▶ **Extracted data**:

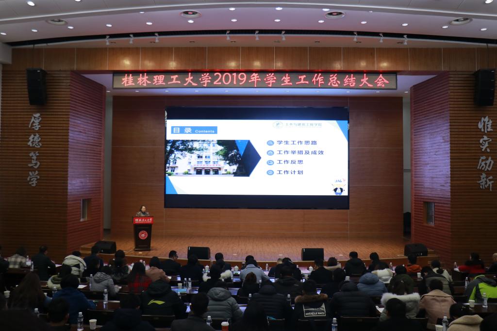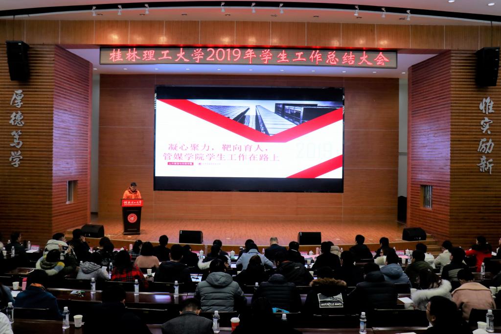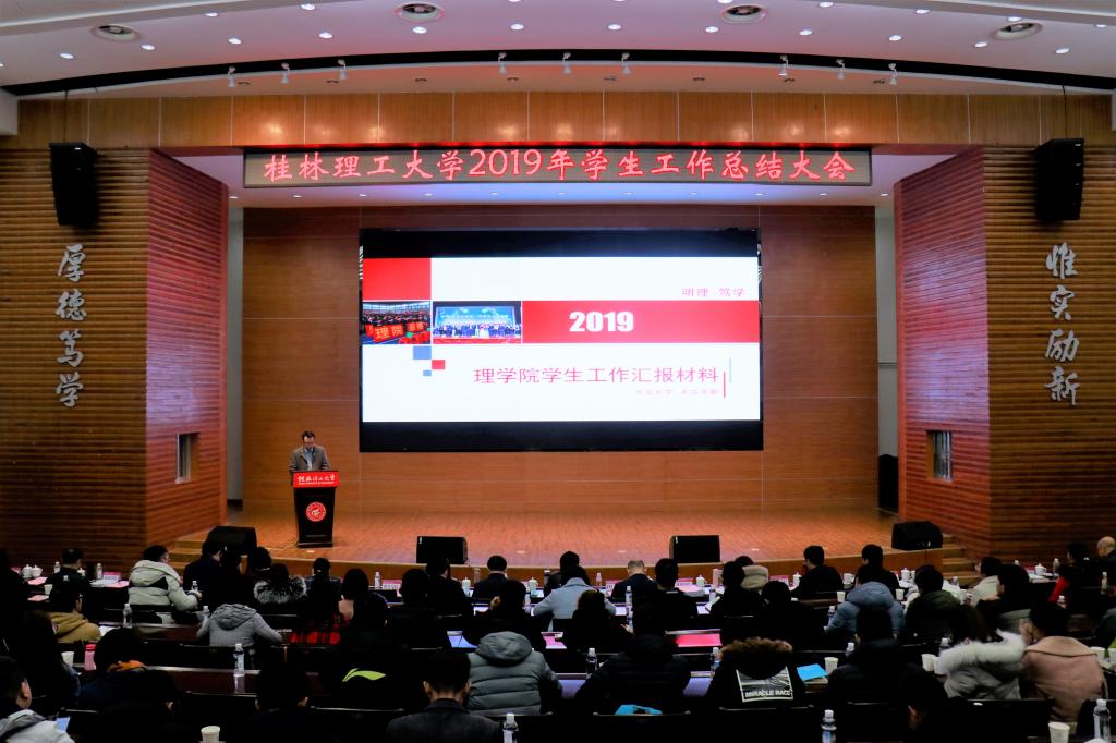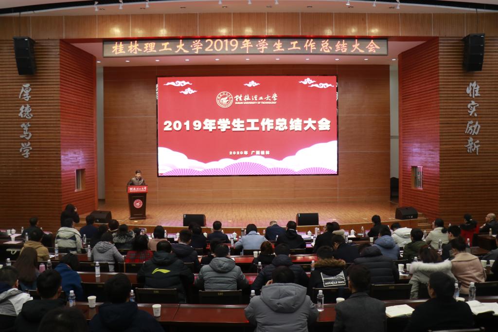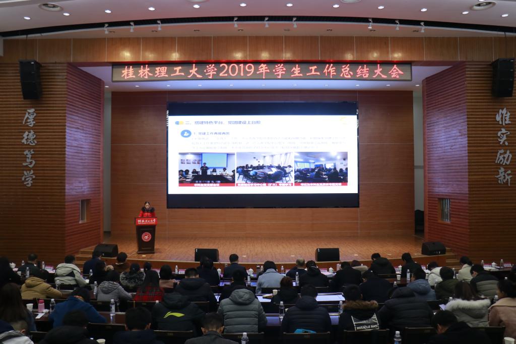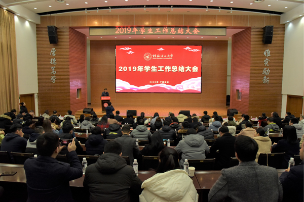 会上,校团委相关负责人作2019年共青团工作总结,主要围绕青年学生思想引领、基层团组织建设、实践育人工作、第二课堂品牌培育等四个方面进行汇报。学生工作部(处)相关负责人作2019年学生工作总结,围绕六个方面进行汇报:一是加强党的建设,不断增强党员干部干事创业本领;二是强化价值引领,积极涵养平安和谐的育人环境;三是创新方式方法,着力构建“学在桂工”学风建设新体系;四是坚持以生为本,不断推动管理服务精细化发展;五是夯实团队建设,全面提升辅导员队伍专业化职业化水平。会上学生工作部与校团委分别发布了2020年重点工作计划,明确了下一年学校学生工作与共青团工作新思路新战略。
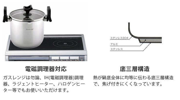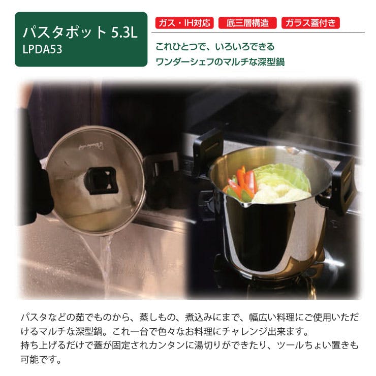ワンダーシェフ パスタポット 5.3L 蒸しす付き IH対応 Wonder chef LPDA53【両手鍋 IH ステンレス パスタパン 深鍋 スチーマー すのこ】
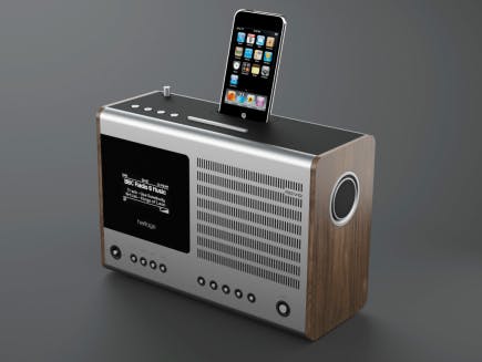 De verbinding met uw netwerk wordt gemaakt via ethernet of de ingebouwde draadloze aansluiting. Bij de eerste start wordt u door alle instellingen heen geloodst dankzij de set-up-wizard. De ingebouwde mono-speaker geeft een heel aardig geluid. Doorlussen naar een versterker is mogelijk dankzij de digitale optische uitgang of de twee analoge tulpstekkers. Of dat een fraai gezicht is, mag u zelf bepalen, maar boven op de Heritage kunt u desgewenst een iPod plaatsen. Verloopstukjes worden meegeleverd. Maakt u hier geen gebruik van, dan kunt u het afdekplaatje laten zitten. De Revo is ook te gebruiken als wekkerradio op uw nachtkastje – in het midden bevindt zich een grote snooze-knop, met daarnaast de bedieningsknoppen voor de (optionele) iPod.
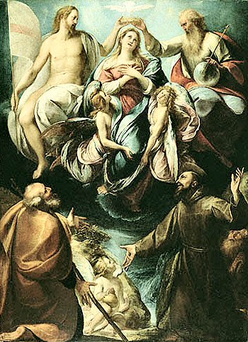| Procaccini (Camillo), peintre né à Bologne en 1545, mort à Milan en 1627, fils du précédent. Son père fut son premier maître, puis il parcourut les principales villes de l'Italie et il ne tarda pas à se former une manière plus souple et plus libre que celle d'Hercule « l'Ancien ». Camille sut éviter les minuties d'une imitation servile. L'artiste dont il s'inspira le plus souvent fut le Parmesan, dont l'élégance aimable lui servit de modèle; mais son écueil fut l'incorrection : ses figures ont fréquemment les bras et les jambes trop longs; les extrémités de ses personnages sont grosses et lourdes. Camille Procaccini produisit beaucoup : la Lombardie est pleine de ses ouvrages. Parmi les quatorze tableaux qu'il fit dans les églises de Plaisance, il en est deux ou trois qui sont tout à fait remarquables par leur allure et leur caractère de grandeur. On cite la Mort de la Vierge , peinte par lui à la cathédrale ; la Peste de Milan, une belle fresque dans l'église Saint-Augustin, et le Couronnement de la Vierge, qu'il peignit aussi pour la cathédrale de Plaisance, en concurrence avec Louis Carrache. Déjà il s'était mesuré avec Annibal dans l'église San Procolo de Reggio, ou il avait exécuté une des plus belles fresques de la Lombardie, Saint Roch secourant les pestiférés. Le Jugement dernier , dans la même église, passe pour son, chef-d'oeuvre. Etabli enfin à Milan avec ses frères, Camille Procaccini y ouvrit une école qui fut bientôt florissante. (G. Cougny). - C. Procaccini. Le Couronnement de la Vierge, ca. 1605. |
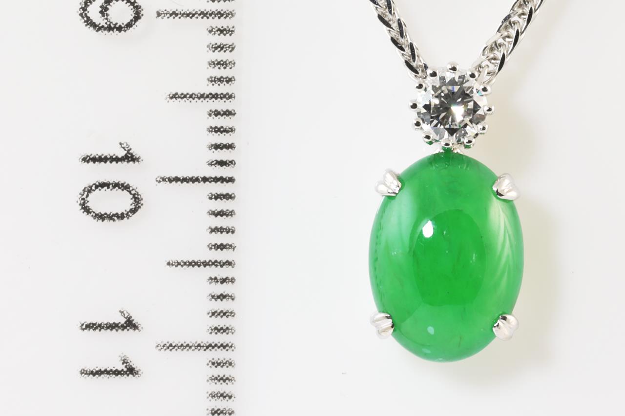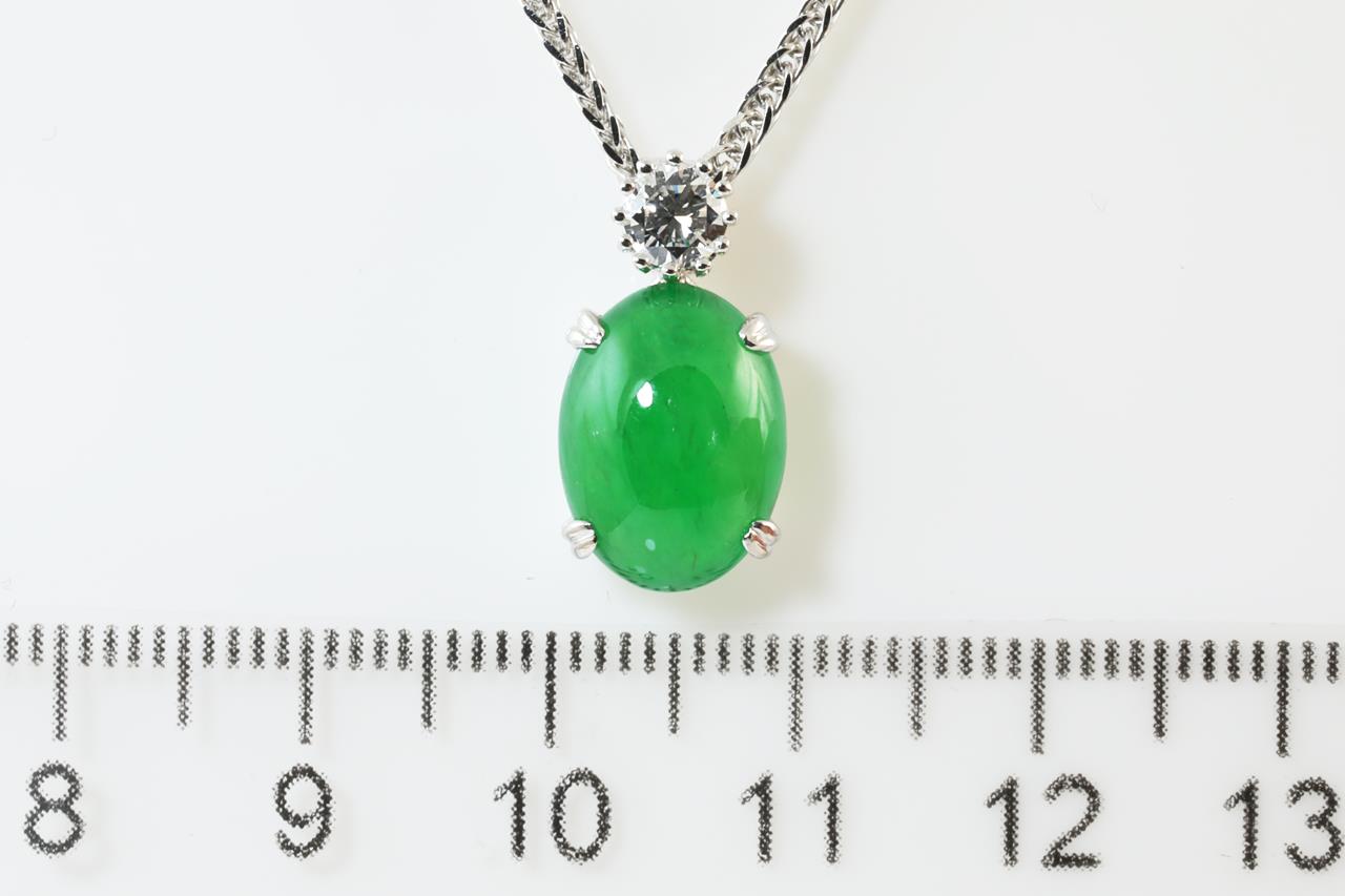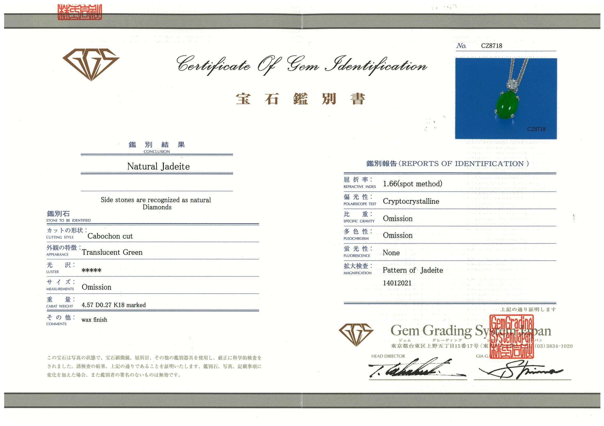 Jade and Diamond pendant with oval green Jade of 4.57ct (with Gem Identification Report #CZ8718) and Diamonds totalling 0.27cts. 18ct white gold with 18ct white gold 45cm chain. Weight: 7.8g (Pre-owned)
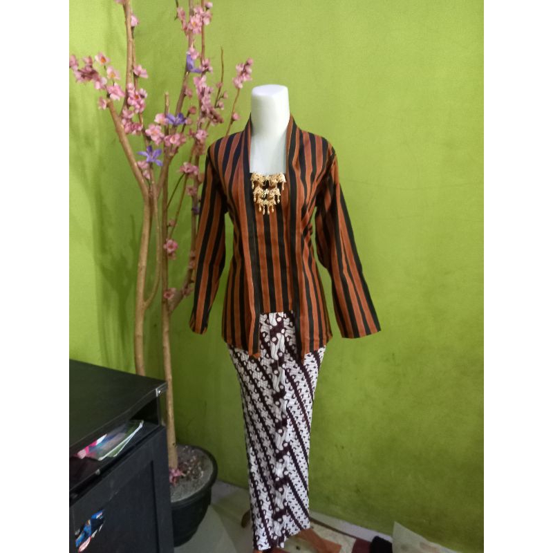 kebaya lurik kutubaru wanita dewasa dan rok plisket
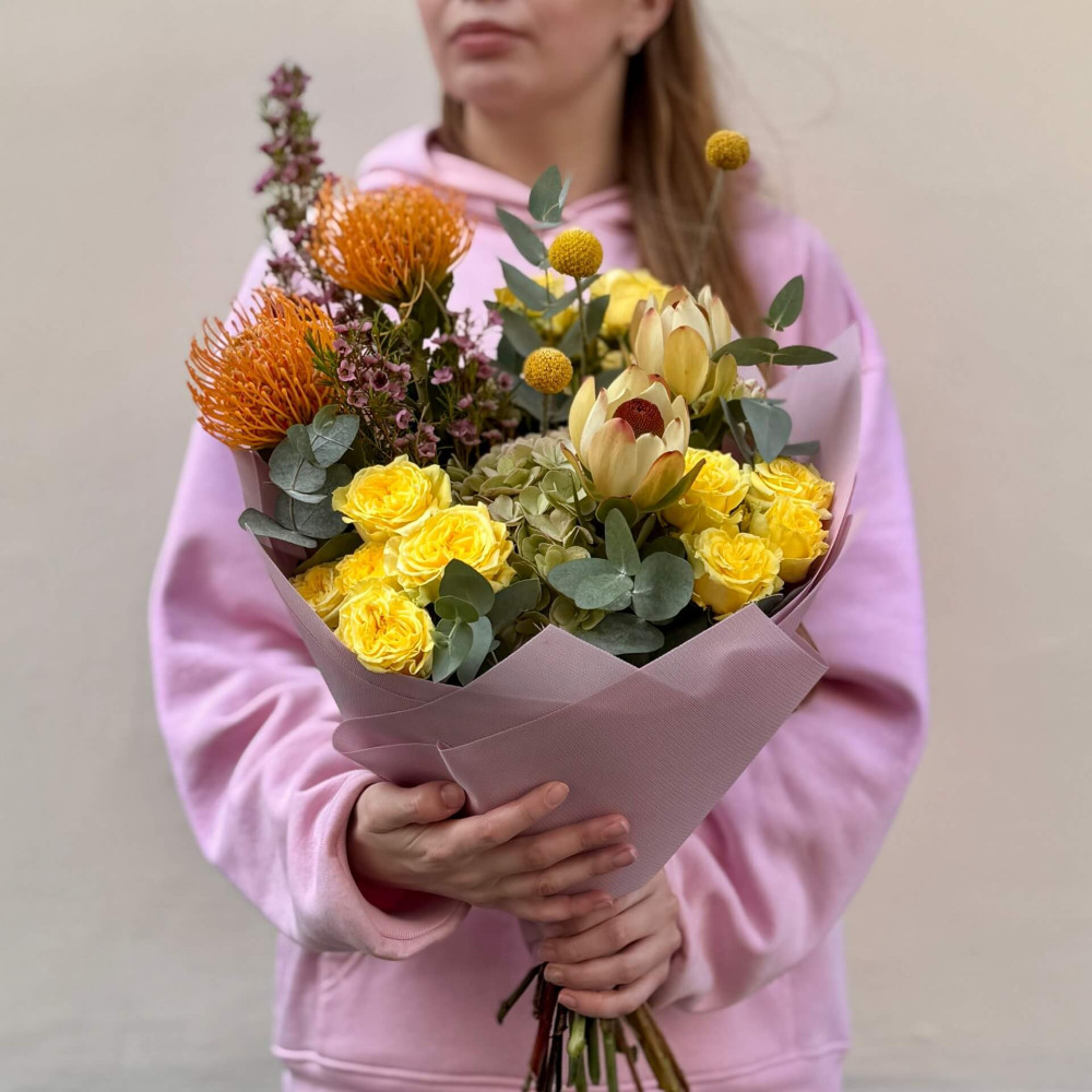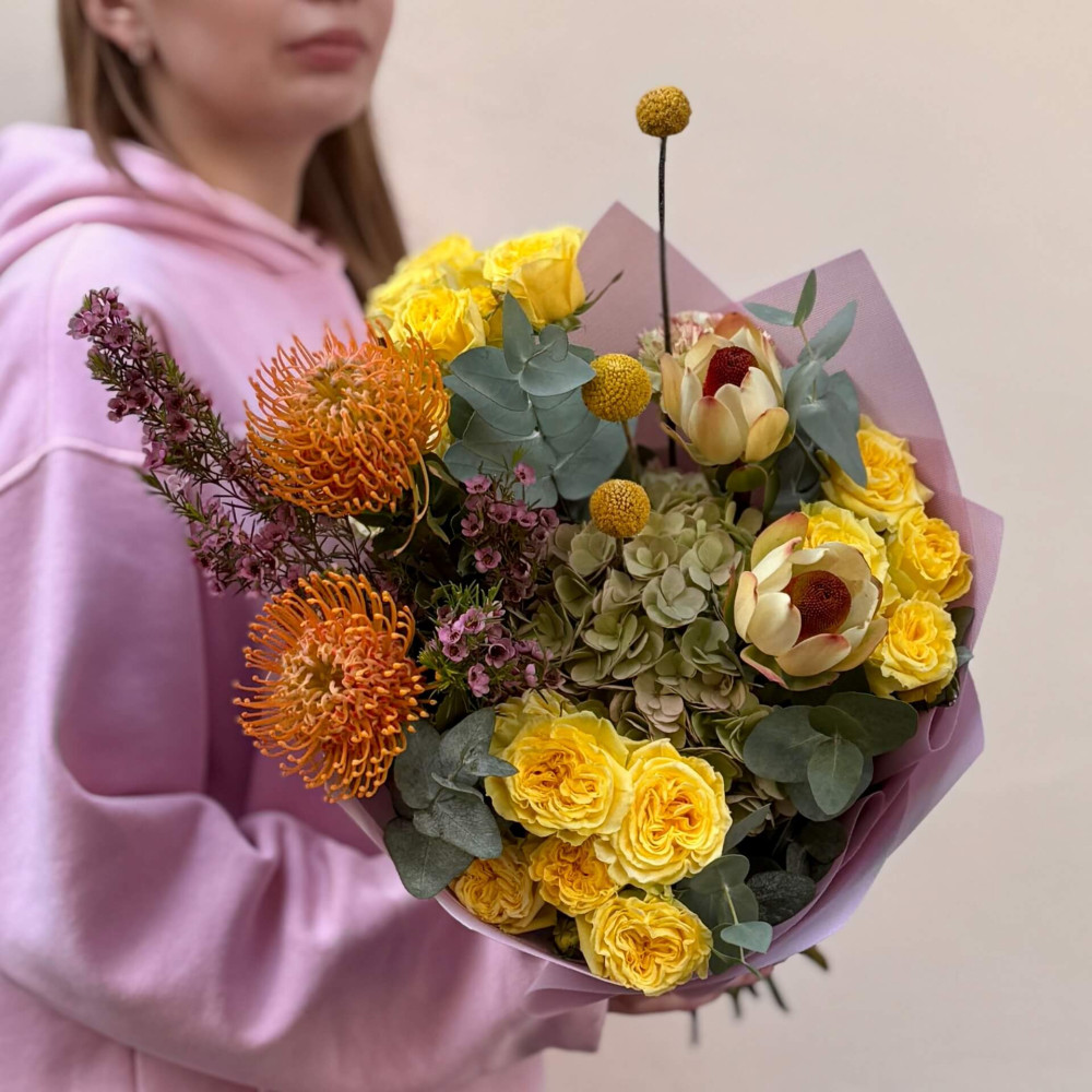 Залежно від сезонності і наявності квітів ми залишаємо за собою право змінювати склад букета без повідомлення замовника, зберігаючи при цьому авторський стиль, колірне рішення, концепцію букета. У разі, якщо необхідна заміна базової квітки, заміна відбувається з узгодженням із замовником. Якщо для Вас критично важлива присутність в складі певної квіточки – обов'язково зв'яжіться з нами та повідомте про це.
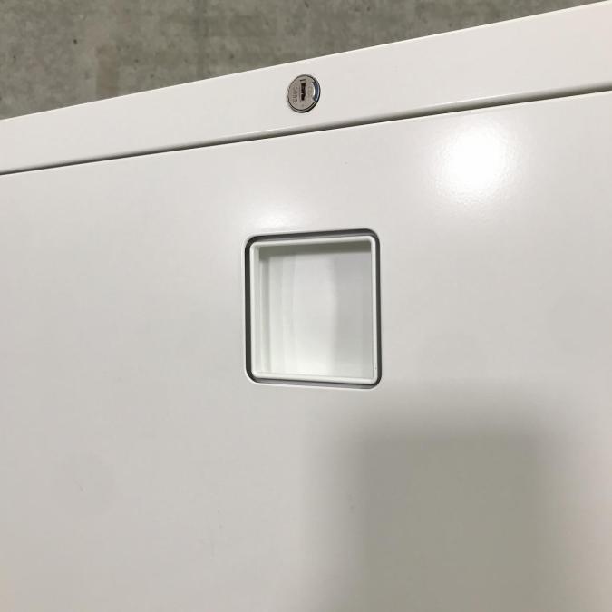 オカムラ レクトライン 3段ラテラル書庫 ホワイト天板 シリンダー錠 鍵付き ※取っ手部分に若干日焼けあり
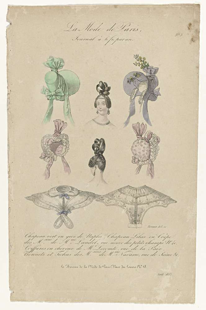 La Mode de Paris, août 1833, No. 3: Chapeau vert en ...
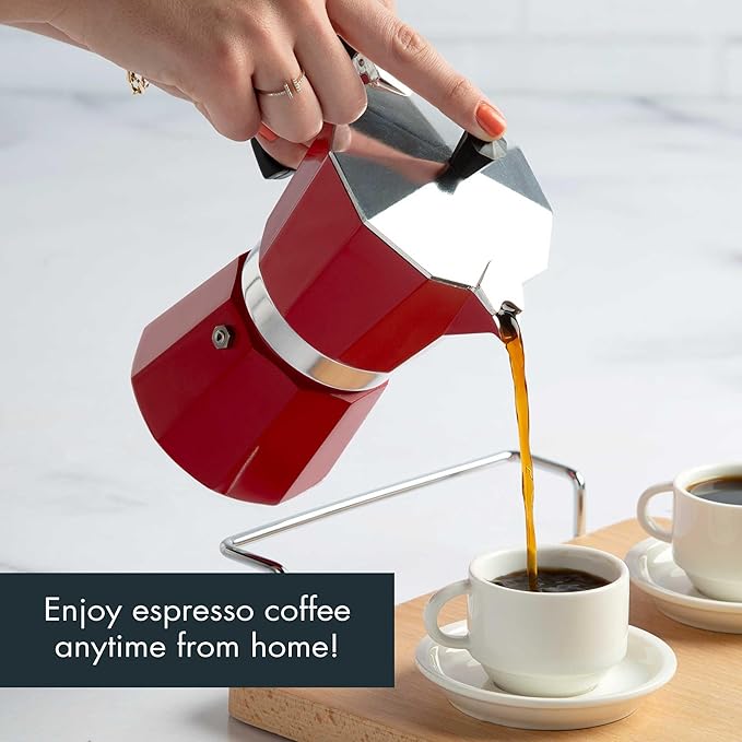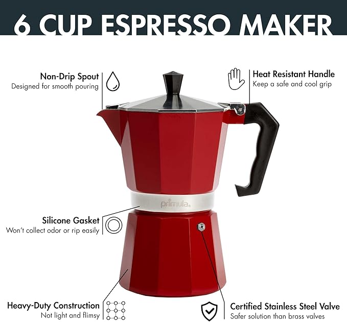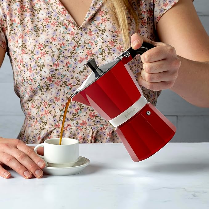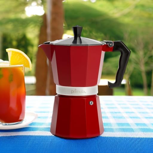Primula Classic Stovetop Espresso and Coffee Maker, Moka Pot for Italian and Cuban Café Brewing, Greca Coffee Maker, Cafeteras, 6 Espresso Cups, Red
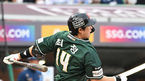[OSEN=인천, 최규한 기자] 25일 오후 인천 SSG랜더스필드에서 ‘2022 신한은행 SOL KBO리그’ SSG 랜더스와 NC 다이노스의 경기가 열렸다.6회말 1사 2루 상황 SSG 최지훈이 달아나는 1타점 적시타를 날리고 1루에 안착해 기뻐하고 있

▶ **To do**: What you give back must match the lines from the start of the records through the line that contains "ワンダーシェフ パスタポット 5.3L", exactly, with the pictures left out.

▶ **Exercise result**:
 会上,校团委相关负责人作2019年共青团工作总结,主要围绕青年学生思想引领、基层团组织建设、实践育人工作、第二课堂品牌培育等四个方面进行汇报。学生工作部(处)相关负责人作2019年学生工作总结,围绕六个方面进行汇报:一是加强党的建设,不断增强党员干部干事创业本领;二是强化价值引领,积极涵养平安和谐的育人环境;三是创新方式方法,着力构建“学在桂工”学风建设新体系;四是坚持以生为本,不断推动管理服务精细化发展;五是夯实团队建设,全面提升辅导员队伍专业化职业化水平。会上学生工作部与校团委分别发布了2020年重点工作计划,明确了下一年学校学生工作与共青团工作新思路新战略。
ワンダーシェフ パスタポット 5.3L 蒸しす付き IH対応 Wonder chef LPDA53【両手鍋 IH ステンレス パスタパン 深鍋 スチーマー すのこ】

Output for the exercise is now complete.